No one is very happy

about the impending postal service cuts, which include post office location closings and plans to kill next-day mail, because it's possible it will run out of cash in less than a year. Now, the U.S. Postal Service says, "In response to a request made by multiple U.S. Senators, [the USPS] has agreed to delay the closing or consolidation of any Post Office or mail processing facility until May 15, 2012. The Postal Service will continue all necessary steps required for the review of these facilities during the interim period, including public input meetings."

Further, the USPS says, "The Postal Service hopes this period will help facilitate the enactment of comprehensive postal legislation. Given the Postal Service’s financial situation and the loss of mail volume, the Postal Service must continue to take all steps necessary to reduce costs and increase revenue.
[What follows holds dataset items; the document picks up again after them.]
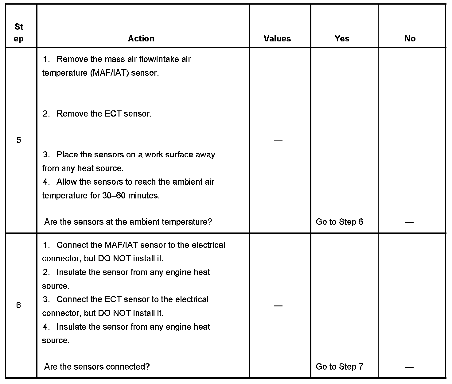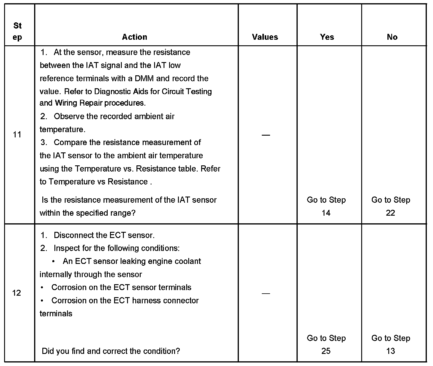 - DTCs P0112, P0113, P0117, P0118, P0125, P0128, P0601, P0602, P1683 are not set.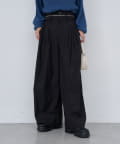 タックを入れることで腰まわりに程よいゆとりを持たせ、裾にかけてストンと落ちるワイドシルエットが脚を長くすっきりと見せてくれます。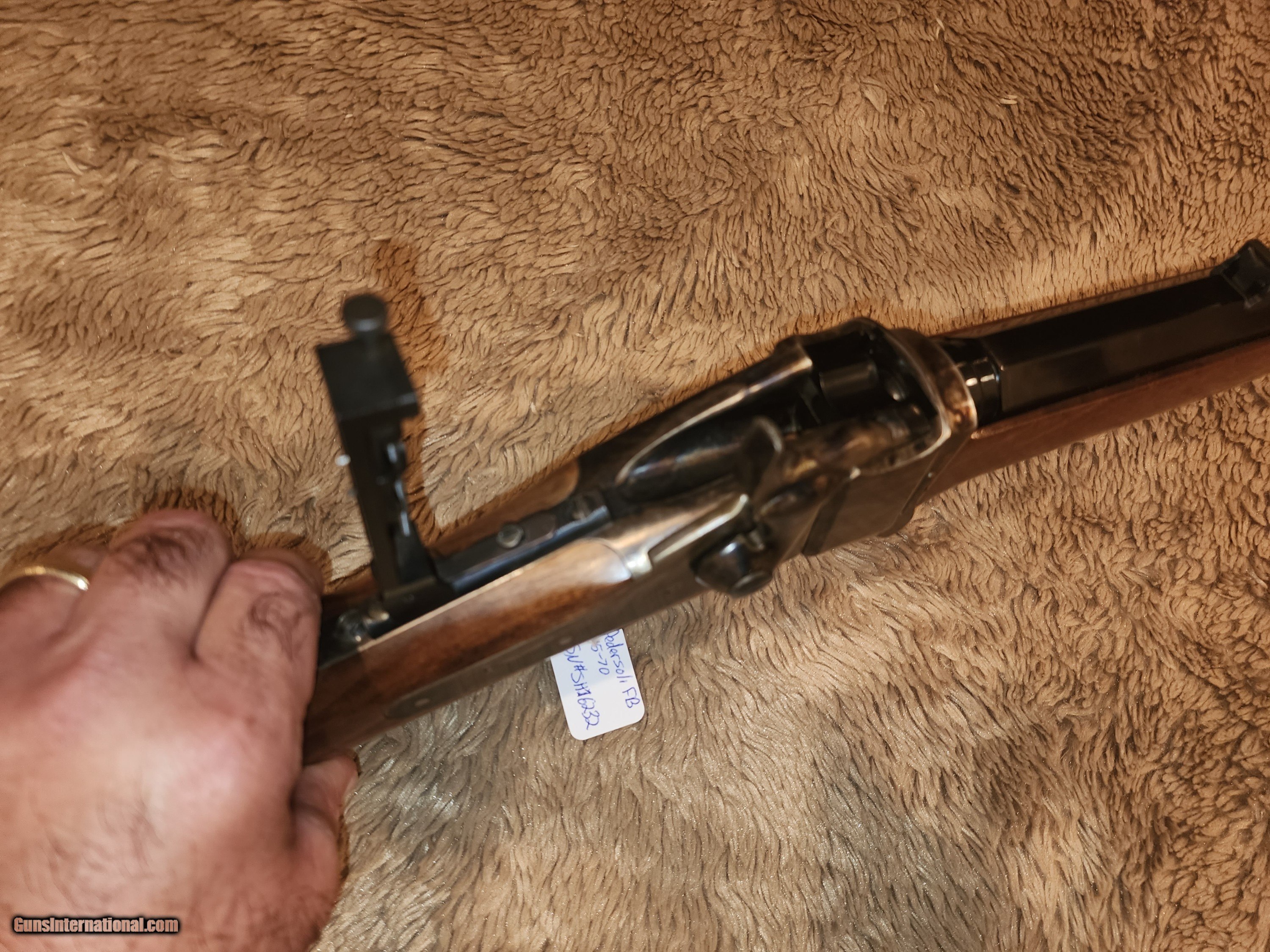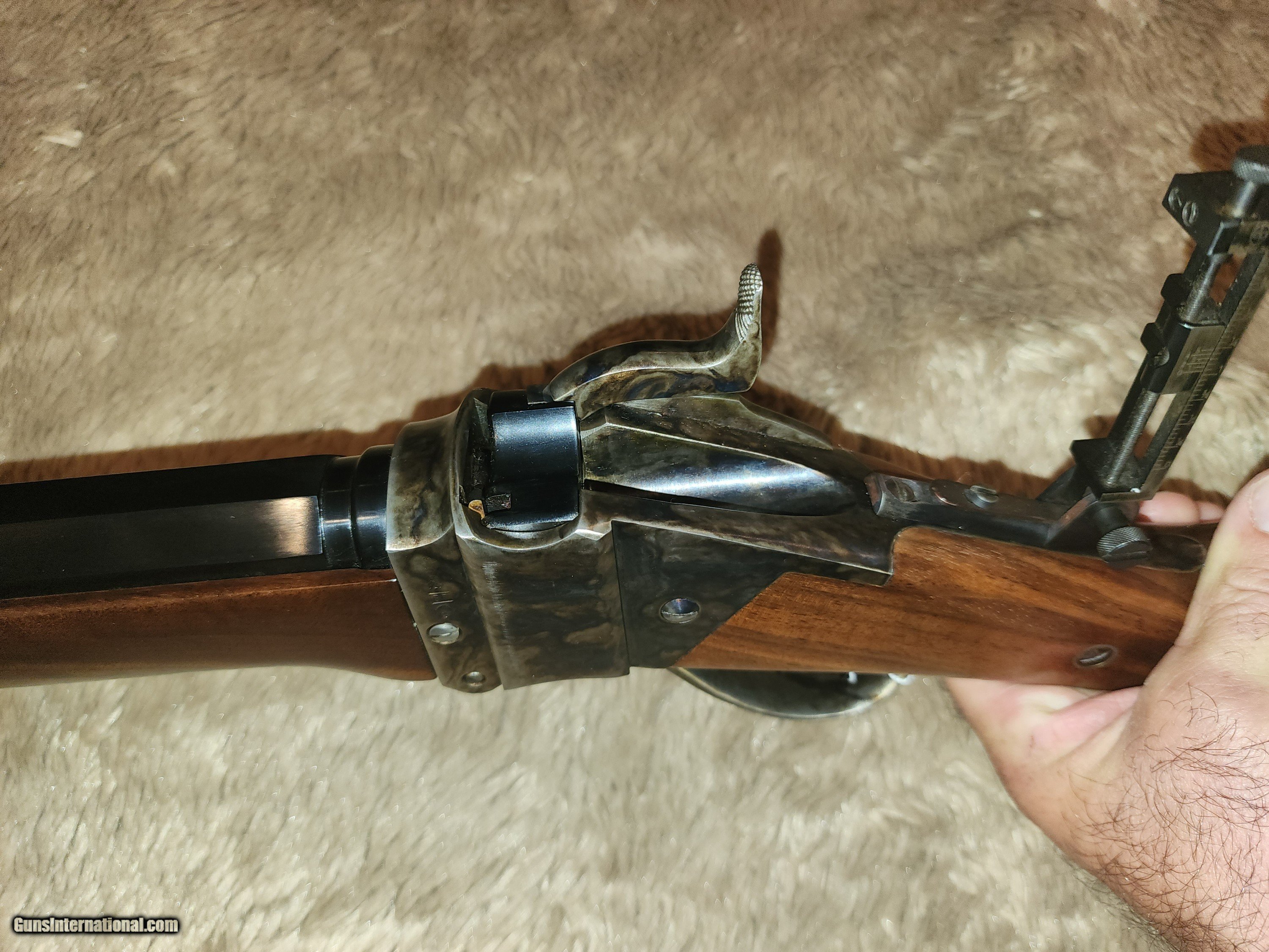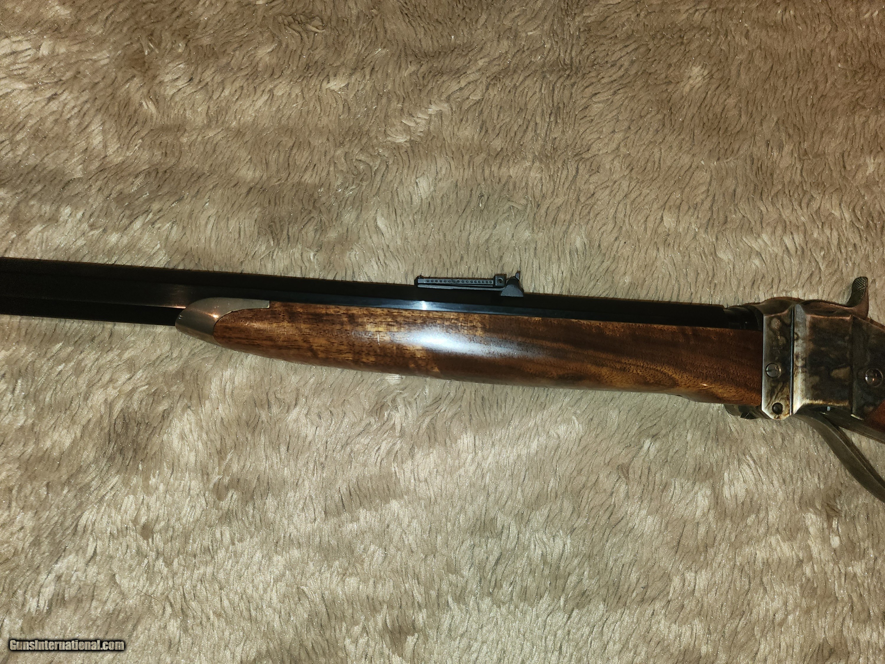 Description: Pedersoli Long Range Sharpes 45-70, 34 Inch Octagon Barrel, Vernier Sight. Never fired, beautiful Condition, a couple of light impression marks on wood. This gun is on consignment from an estate I have no other information. SOLD Rifle Caliber: .45-70 Government |

The Postal Service receives no tax dollars for operating expenses and relies on the sale of postage, products and services to fund its operations." Basically, the USPS hopes the government can come up with legislation to help it avoid bankruptcy: The Huffington Post reports, "The Postal Service, which is expected to default Friday on a $5.5 billion payment to the Treasury, is forecast to lose a record $14.1 billion next year."

At the bottom of the USPS statement, there's this note:

A self-supporting government enterprise, the U.S. Postal Service is the only delivery service that reaches every address in the nation, 150 million residences, businesses and Post Office Boxes. The Postal Service receives no tax dollars for operating expenses, and relies on the sale of postage, products and services to fund its operations. With 32,000 retail locations and the most frequently visited website in the federal government, usps.com, the Postal Service has annual revenue of more than $67 billion and delivers nearly 40 percent of the world’s mail. If it were a private sector company, the U.S. Postal Service would rank 29th in the 2010 Fortune 500. Black Enterprise and Hispanic Business magazines ranked the Postal Service as a leader in workforce diversity. The Postal Service has been named the Most Trusted Government Agency six consecutive years and the sixth Most Trusted Business in the nation by the Ponemon Institute.

In other words, it's doing a lot for the country without government support.